BEGIN
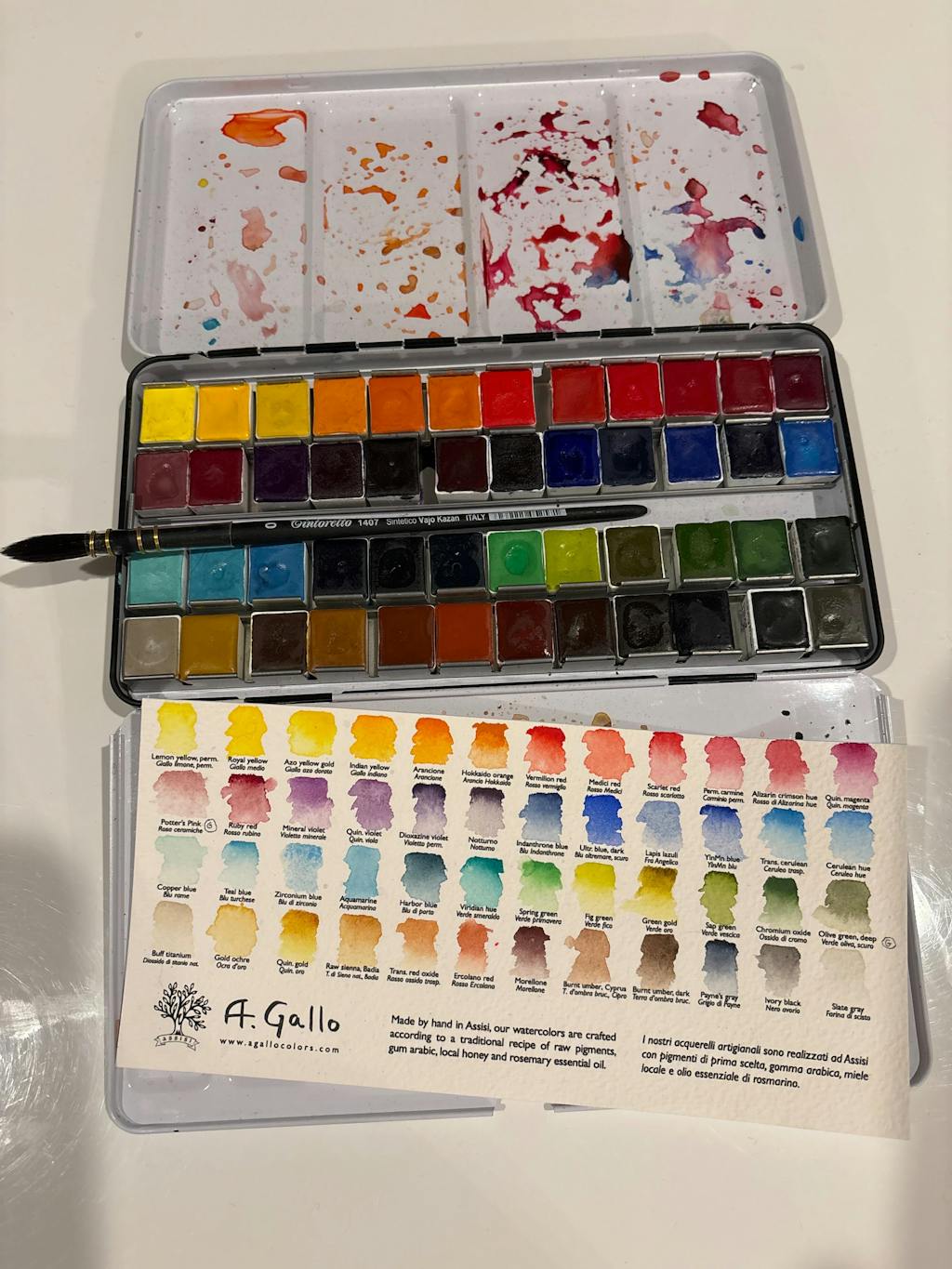 ألواننا المائية، المصنوعة يدويًا في أسيزي، مصنوعة وفقًا لوصفة تقليدية من أصباغ خام، وصمغ عربي، وعسل محلي، وزيت إكليل الجبل العطري، ومادة ترطيب. تُنتج هذه العملية الحرفية طلاءً غنيًا بالصبغات ومشرقًا، ينشط بشكل رائع عند البلل.
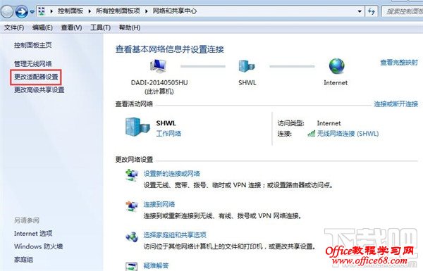 5、WiFi建立成功之后,需要打开网络和共享中心,点击左侧更改适配器设置;
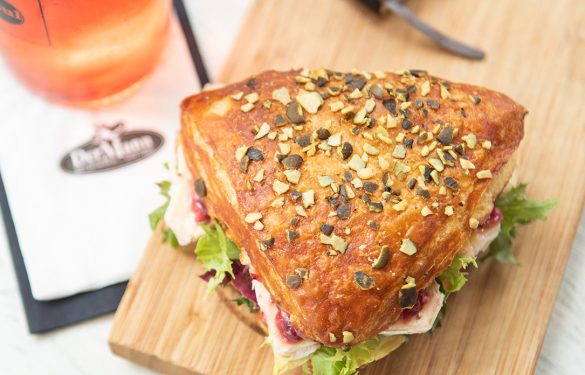 Laugenpolster in Dreickform bestreut mit Kürbiskernen, gefüllt mit Frischkäse und knackigem Salatmix. Belegt mit würzigem Weichkäse in Kombination mit süssen Wildpreiselbeeren.
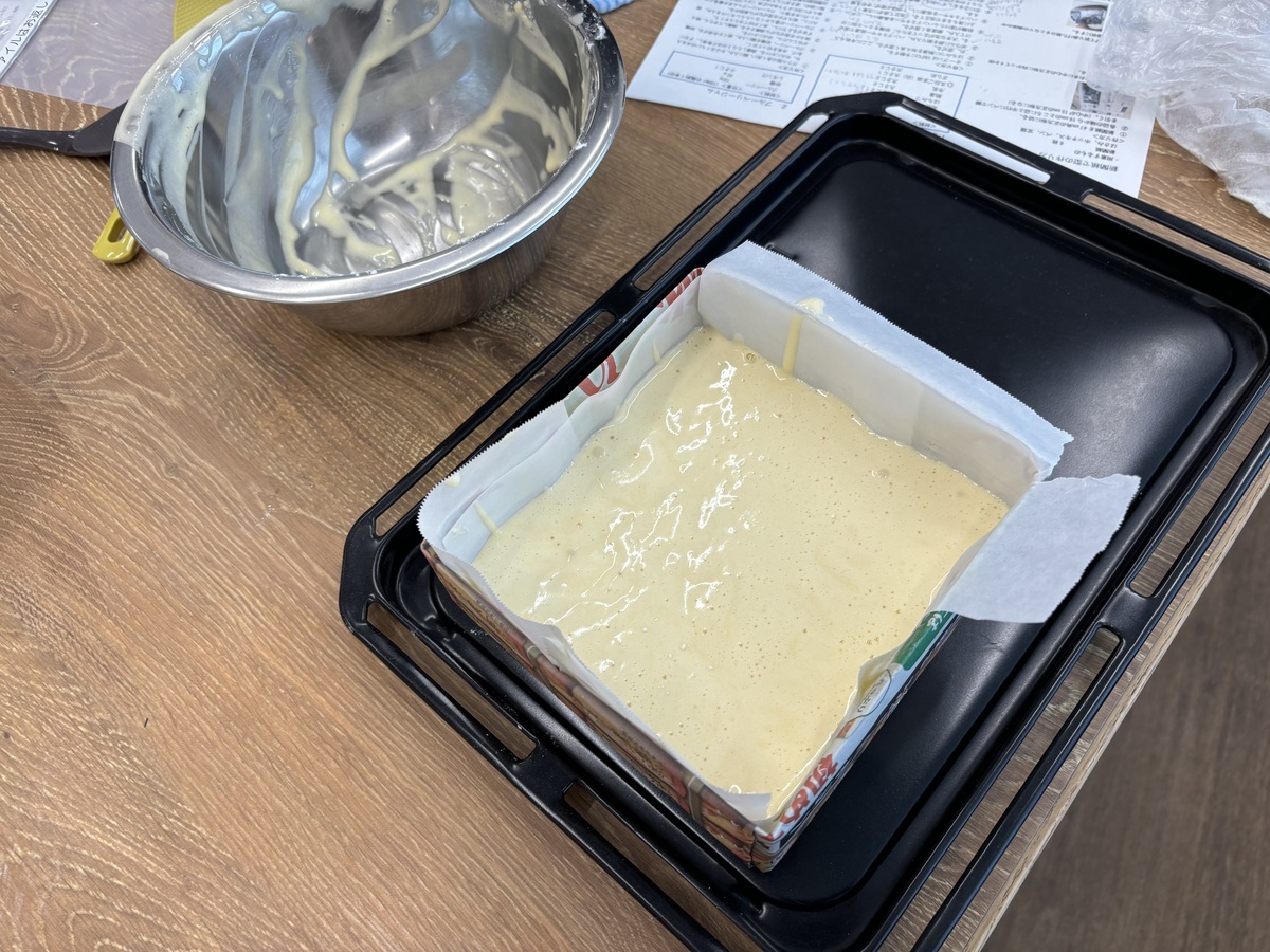 新聞紙で型箱を作って、クックパーを入れた中にカステラ生地を流し込み。
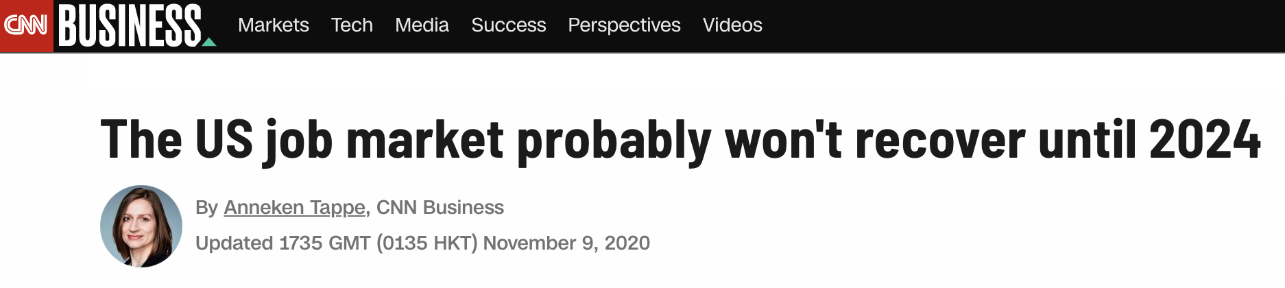 穆迪公司预测,在2024年之前,美国或将无法完全恢复因疫情而失去的2200万个工作岗位。美国有线电视新闻网(CNN)称,要想让美国经济复苏,需要付出长时间的努力。
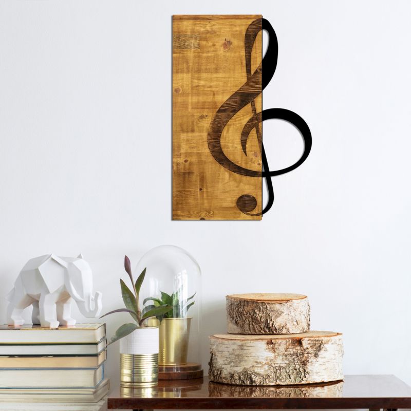 Its design is a key of the treble clef in black, half of which is on wood.
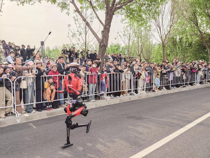 赛场上,参赛队各显其能:有的机器人势如闪电、速度惊人,有的机器人跑姿流畅、高度拟人,展现出不同的技术特点。
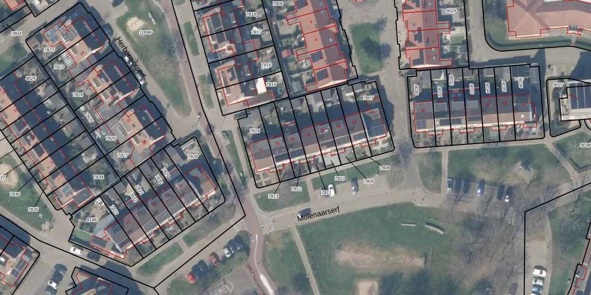 Molenaarserf 69 is gelegen op kadastraal perceel HTN04A7812. Deze kadastrale aanduiding is uniek en wordt gebruikt door het Kadaster om eigendomsrechten en andere zakelijke rechten vast te leggen. Het perceel maakt onderdeel uit van de kadastrale gemeente Houten.
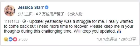 11月13日,她在Facebook直播视频中,提到自己术后恢复艰难。
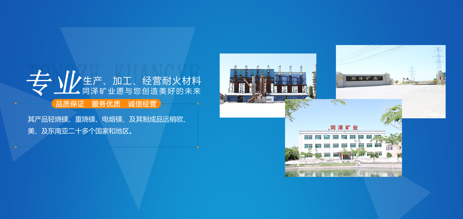 大石橋市同澤礦業(yè)有限公司,是以生產(chǎn)、加工、經(jīng)營各種耐火材料為主的綜合性經(jīng)濟(jì)實(shí)體。其產(chǎn)品輕燒鎂、重?zé)V、電熔鎂、及其制成品遠(yuǎn)銷歐、美、及東南亞二十多個國家和地區(qū)。
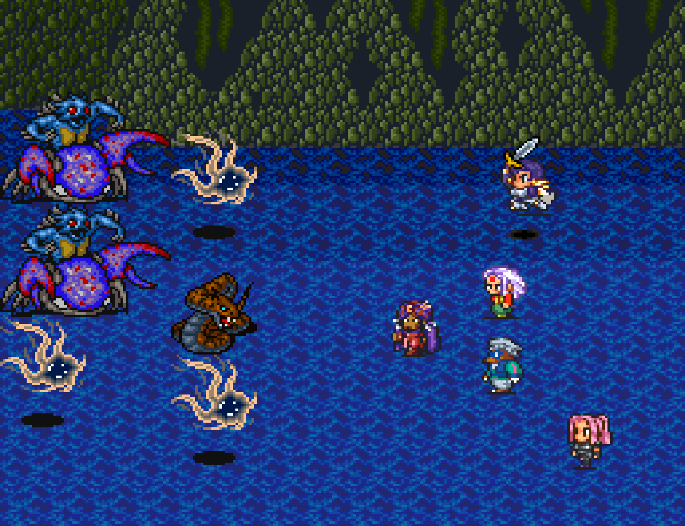 During battle, it is possible to boost your stats and to lower your enemies', thanks to techs or spells.
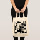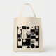 Carry style with this reusable custom tote bag featuring a bold black, white, and gray geometric pattern inspired by Retrofuturism 1960s mod design. Circles, squares, and dots create a retro vibe. Customize with your name or text—perfect for everyday use or as a stylish gift.
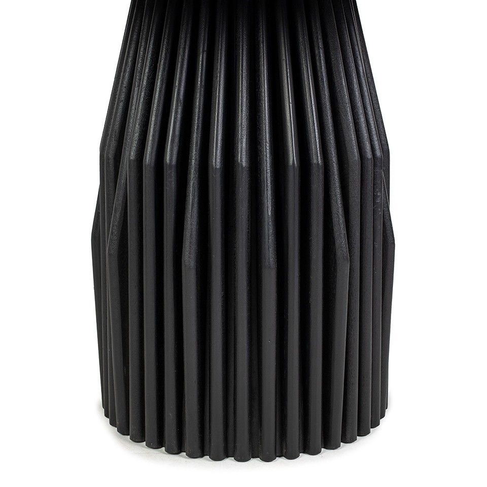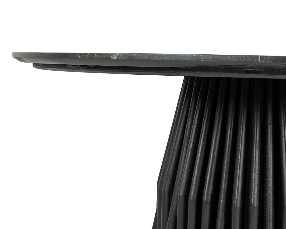 Podstawa stołu to solidny filar wykonany z drewna mango, którego ciemna powierzchnia została precyzyjnie wyżłobiona, tworząc dynamiczny, rytmiczny wzór. Ten architektoniczny detal sprawia, że mebel staje się nie tylko praktycznym centrum jadalni, ale też dekoracyjnym punktem całej aranżacji. Rzeźbiarska forma podstawy świetnie komponuje się z minimalistycznymi przestrzeniami, jak i bardziej eklektycznymi wnętrzami.
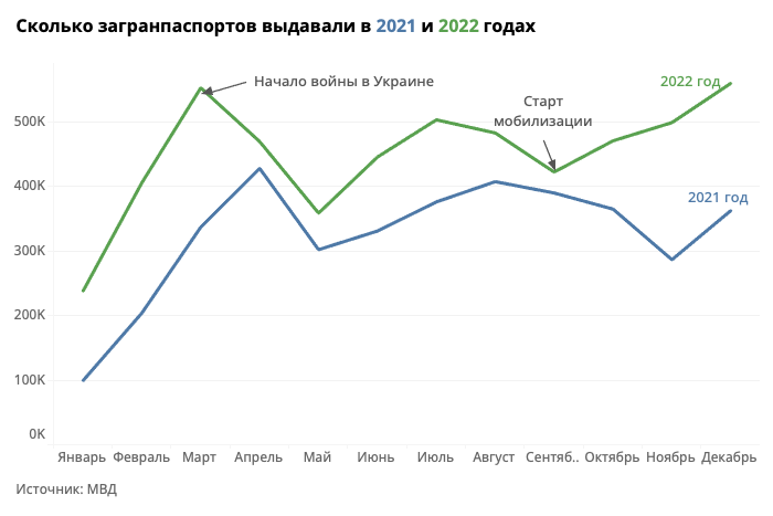 Действительно ли вырос спрос. Журналисты «Медиазоны» заметили, что радикальных изменений в запросах на оформление загранпаспортов в 2022 году не было, сославшись на статистику МВД.
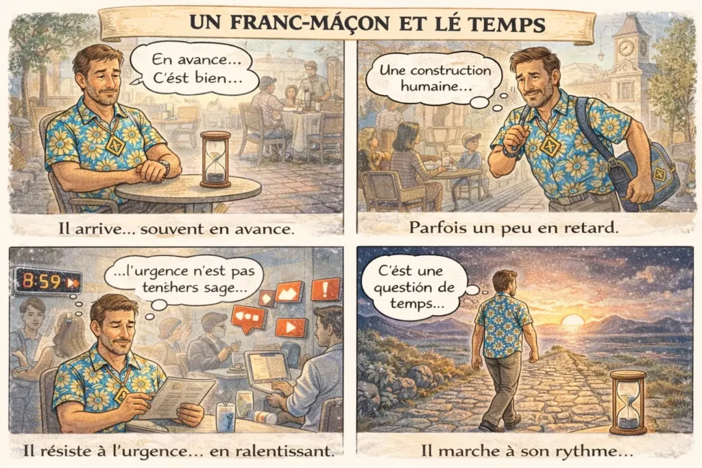 Conclusion : le franc-maçon ne cherche pas à maîtriser le temps. Il apprend à s’y inscrire. À respecter son rythme. À comprendre que la vraie initiation ne se mesure pas en heures, mais en transformations silencieuses.
END
◆ The task:
From the line that contains "Podstawa stołu to" through the last line of the listing, copy each line exactly; both end lines stay in, and pictures stay out.

◆ Exercise result:
 Podstawa stołu to solidny filar wykonany z drewna mango, którego ciemna powierzchnia została precyzyjnie wyżłobiona, tworząc dynamiczny, rytmiczny wzór. Ten architektoniczny detal sprawia, że mebel staje się nie tylko praktycznym centrum jadalni, ale też dekoracyjnym punktem całej aranżacji. Rzeźbiarska forma podstawy świetnie komponuje się z minimalistycznymi przestrzeniami, jak i bardziej eklektycznymi wnętrzami.
 Действительно ли вырос спрос. Журналисты «Медиазоны» заметили, что радикальных изменений в запросах на оформление загранпаспортов в 2022 году не было, сославшись на статистику МВД.
 Conclusion : le franc-maçon ne cherche pas à maîtriser le temps. Il apprend à s’y inscrire. À respecter son rythme. À comprendre que la vraie initiation ne se mesure pas en heures, mais en transformations silencieuses.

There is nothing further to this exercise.